A: If neither the MCP nor the Qualifying ​​Subcontractor has net income, no CR funding obligation applies for the applicable year, and no Community Reinvestment plan is due to DHCS for the applicable year. For example, if neither the MCP nor t​​he Qualifying Subcontractor has positive net income for CY 2024, no Community Reinvestment Plan is due in Q3 2026 for obligations based on CY 2024 net income. However, MCPs must participate in Community Reinvestment engagement and planning activities as described in Section VII of the APL (pg. 16), such as collecting data and soliciting stakeholder input on community needs. If the MCP or its Qualifying Subcontractors has positive net income in a subsequent CY tied to the investment period, the MCP must submit a two-year or one-year Community Reinvestment Plan (as applicable). 

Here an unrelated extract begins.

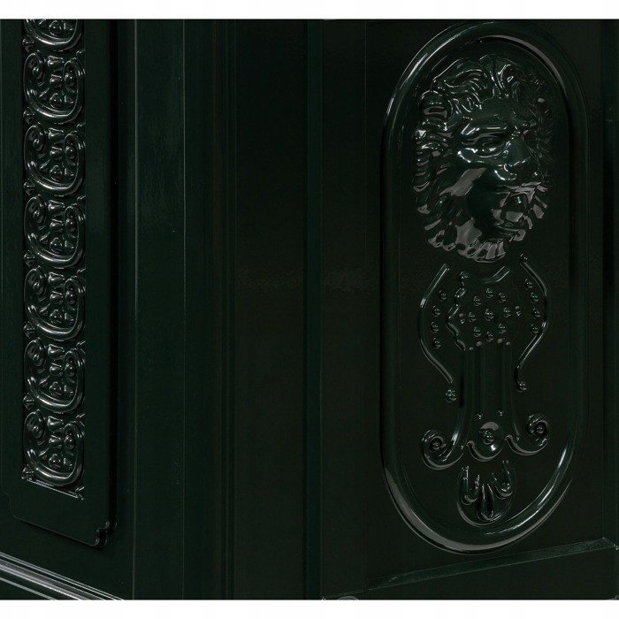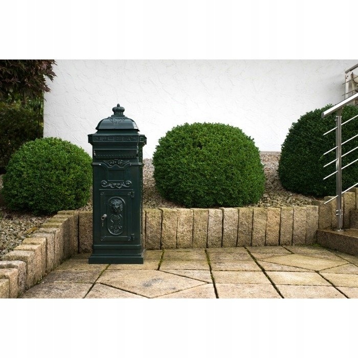 У него украшения со всех сторон. Изготовлен из литого алюминия, он чрезвычайно прочен и устойчив к ржавчине. Подходит для почты формата А4, газет и журналов. Внутренняя емкость составляет целых 0,15 м³. Он предназначен для всех любителей античного стиля и тех, кто хочет придать своему окружению неповторимый вид и характер. Запирается (два ключа в комплекте). Изделие отличается высоким вниманием к деталям и надежностью. Имеет дополнительную полку, которую можно снять для увеличения внутреннего объема (практично, например, во время длительного отсутствия). Без полки почту можно вынимать через нижнюю дверцу в передней части почтового ящика, а со вставленной полкой почту можно вынимать через верхнюю дверцу сзади.

Q: If the MCP does not have net revenue, but t​he Qualifying Subcontractor does have net revenue for the applicable CY, do the dollars for that Community Reinvestment plan come from the Qualifying Subcontractor or the MCP?  

A: If an MCP has no net income, bu​​t the Qualifying Subcontract​​or has net income, the Qualifying Subcontractor is responsible for fulfilling the CR obligations and is subject to all APL requirements. Any transfer of that obligation to the MCP to administer funds on their behalf is optional. 

Q: What is the definition of "Member Grants" in the con​​text of Community Reinvestment? 

A: Member Grants​​ refers to any payments or funds provided directly to members as part of the Community Reinvestment activities. These types of expenditures cannot be used to meet Community Reinvestment obligations as outlined in APL 25-004.